▸ **What is required**:
Beneath this instruction is a listing; print exactly the lines in it starting at the line that contains "Vestido cortado a" and going through the line that contains "七年级队员代表俞丽诗代表全体".

▸ **Input material**:
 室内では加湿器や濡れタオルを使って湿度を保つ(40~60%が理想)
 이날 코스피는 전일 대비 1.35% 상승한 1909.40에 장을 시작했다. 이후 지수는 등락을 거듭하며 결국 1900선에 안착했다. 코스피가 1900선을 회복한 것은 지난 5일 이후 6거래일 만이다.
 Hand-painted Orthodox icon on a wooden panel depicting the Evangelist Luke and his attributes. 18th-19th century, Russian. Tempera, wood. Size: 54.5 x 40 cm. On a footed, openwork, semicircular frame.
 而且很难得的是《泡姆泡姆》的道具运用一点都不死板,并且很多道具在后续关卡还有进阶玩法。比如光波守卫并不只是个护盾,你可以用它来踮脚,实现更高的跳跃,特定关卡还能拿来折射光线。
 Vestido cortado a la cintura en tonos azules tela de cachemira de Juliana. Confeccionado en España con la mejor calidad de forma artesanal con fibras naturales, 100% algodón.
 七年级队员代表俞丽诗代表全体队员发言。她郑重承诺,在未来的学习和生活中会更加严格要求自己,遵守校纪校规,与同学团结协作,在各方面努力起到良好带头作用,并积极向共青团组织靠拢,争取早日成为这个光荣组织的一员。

...

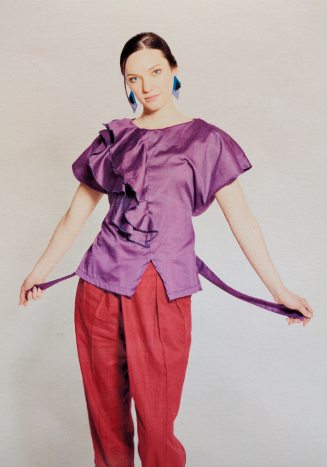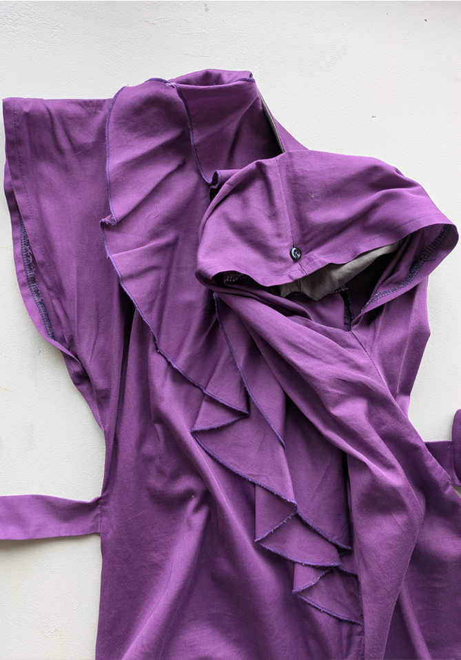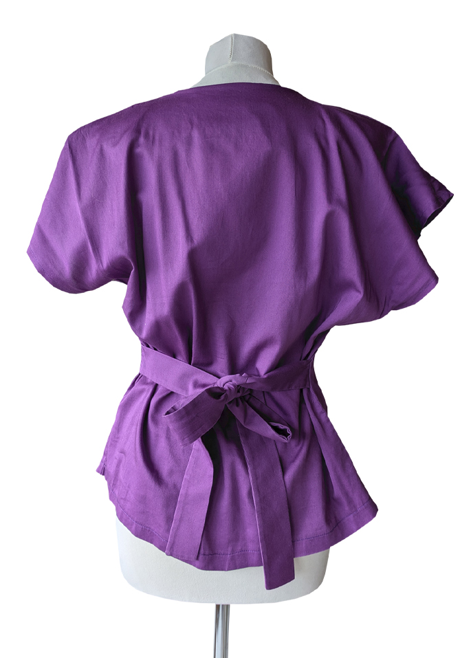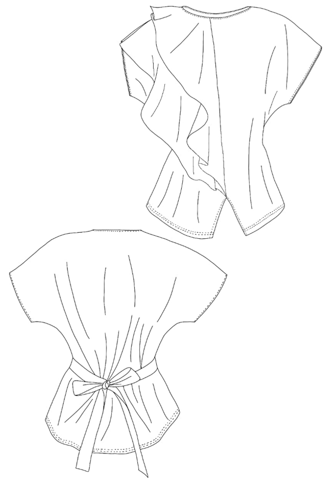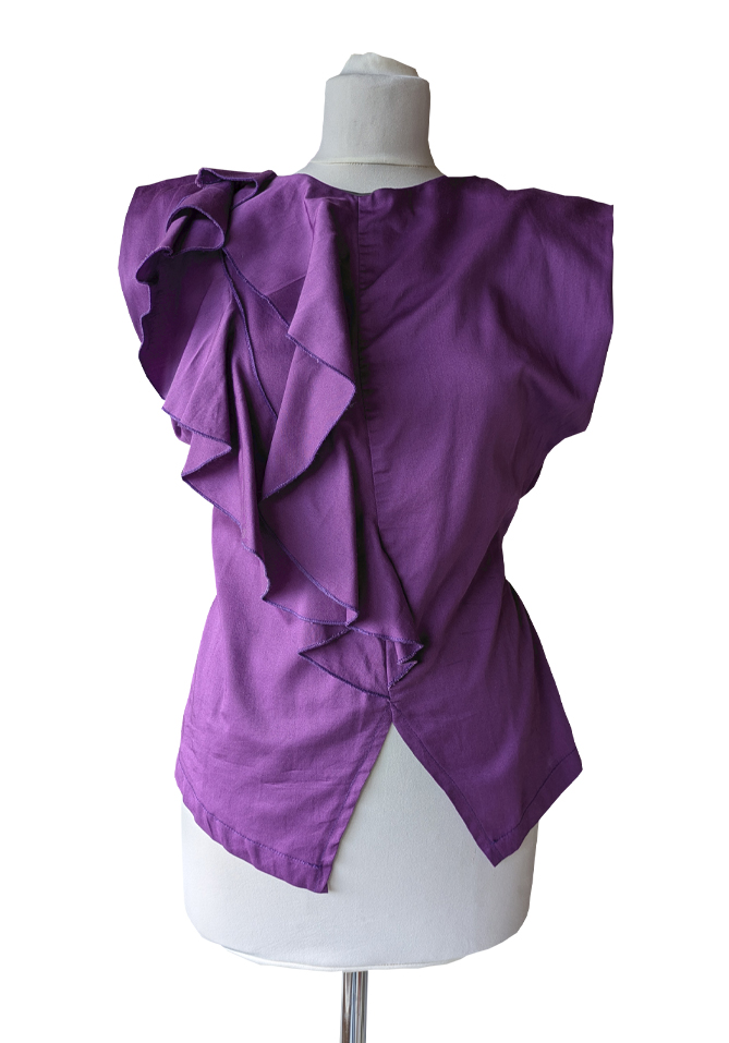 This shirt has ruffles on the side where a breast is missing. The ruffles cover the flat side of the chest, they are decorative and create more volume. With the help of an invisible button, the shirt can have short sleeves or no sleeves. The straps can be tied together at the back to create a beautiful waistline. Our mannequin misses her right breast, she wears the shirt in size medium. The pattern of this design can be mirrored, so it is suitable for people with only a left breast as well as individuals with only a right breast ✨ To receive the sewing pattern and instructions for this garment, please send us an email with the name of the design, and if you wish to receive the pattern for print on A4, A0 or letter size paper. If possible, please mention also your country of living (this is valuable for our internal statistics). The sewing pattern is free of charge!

▸ **Answer space**:
 Vestido cortado a la cintura en tonos azules tela de cachemira de Juliana. Confeccionado en España con la mejor calidad de forma artesanal con fibras naturales, 100% algodón.
 七年级队员代表俞丽诗代表全体队员发言。她郑重承诺,在未来的学习和生活中会更加严格要求自己,遵守校纪校规,与同学团结协作,在各方面努力起到良好带头作用,并积极向共青团组织靠拢,争取早日成为这个光荣组织的一员。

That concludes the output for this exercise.